Prompt
Would you reproduce the data below exactly, please, leaving out its images?

Information shown
+ + + + +
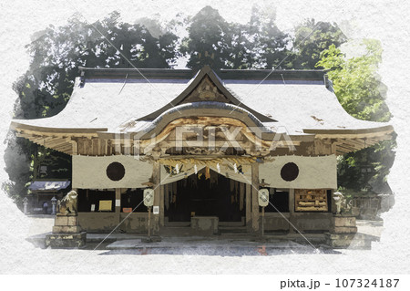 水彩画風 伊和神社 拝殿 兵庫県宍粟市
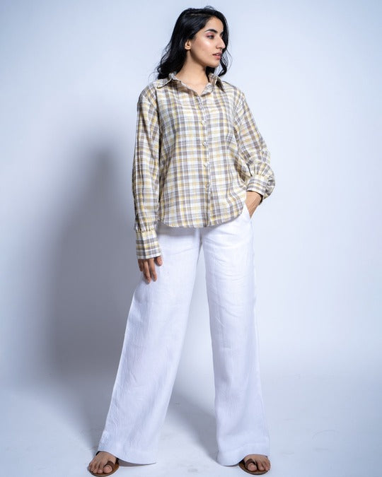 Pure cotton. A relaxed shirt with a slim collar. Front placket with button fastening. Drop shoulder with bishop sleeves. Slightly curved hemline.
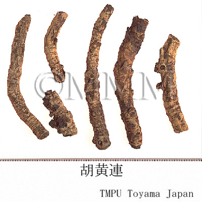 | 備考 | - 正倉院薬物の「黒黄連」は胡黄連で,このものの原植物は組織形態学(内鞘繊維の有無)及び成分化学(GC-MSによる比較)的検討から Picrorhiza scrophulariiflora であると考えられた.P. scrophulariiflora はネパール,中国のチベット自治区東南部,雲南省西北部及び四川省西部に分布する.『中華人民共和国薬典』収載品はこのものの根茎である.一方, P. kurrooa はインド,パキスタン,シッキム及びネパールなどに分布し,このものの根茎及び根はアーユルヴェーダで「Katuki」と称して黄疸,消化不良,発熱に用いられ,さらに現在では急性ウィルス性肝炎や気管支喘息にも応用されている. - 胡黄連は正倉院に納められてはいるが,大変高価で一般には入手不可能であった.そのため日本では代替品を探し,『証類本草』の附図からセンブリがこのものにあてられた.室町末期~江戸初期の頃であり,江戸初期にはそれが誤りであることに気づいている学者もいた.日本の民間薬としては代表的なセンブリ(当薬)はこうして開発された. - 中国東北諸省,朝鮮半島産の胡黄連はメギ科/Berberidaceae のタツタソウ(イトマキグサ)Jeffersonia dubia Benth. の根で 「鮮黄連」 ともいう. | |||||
+ + + + +
Solution to this task
 水彩画風 伊和神社 拝殿 兵庫県宍粟市
 Pure cotton. A relaxed shirt with a slim collar. Front placket with button fastening. Drop shoulder with bishop sleeves. Slightly curved hemline.
 | 備考 | - 正倉院薬物の「黒黄連」は胡黄連で,このものの原植物は組織形態学(内鞘繊維の有無)及び成分化学(GC-MSによる比較)的検討から Picrorhiza scrophulariiflora であると考えられた.P. scrophulariiflora はネパール,中国のチベット自治区東南部,雲南省西北部及び四川省西部に分布する.『中華人民共和国薬典』収載品はこのものの根茎である.一方, P. kurrooa はインド,パキスタン,シッキム及びネパールなどに分布し,このものの根茎及び根はアーユルヴェーダで「Katuki」と称して黄疸,消化不良,発熱に用いられ,さらに現在では急性ウィルス性肝炎や気管支喘息にも応用されている. - 胡黄連は正倉院に納められてはいるが,大変高価で一般には入手不可能であった.そのため日本では代替品を探し,『証類本草』の附図からセンブリがこのものにあてられた.室町末期~江戸初期の頃であり,江戸初期にはそれが誤りであることに気づいている学者もいた.日本の民間薬としては代表的なセンブリ(当薬)はこうして開発された. - 中国東北諸省,朝鮮半島産の胡黄連はメギ科/Berberidaceae のタツタソウ(イトマキグサ)Jeffersonia dubia Benth. の根で 「鮮黄連」 ともいう. | |||||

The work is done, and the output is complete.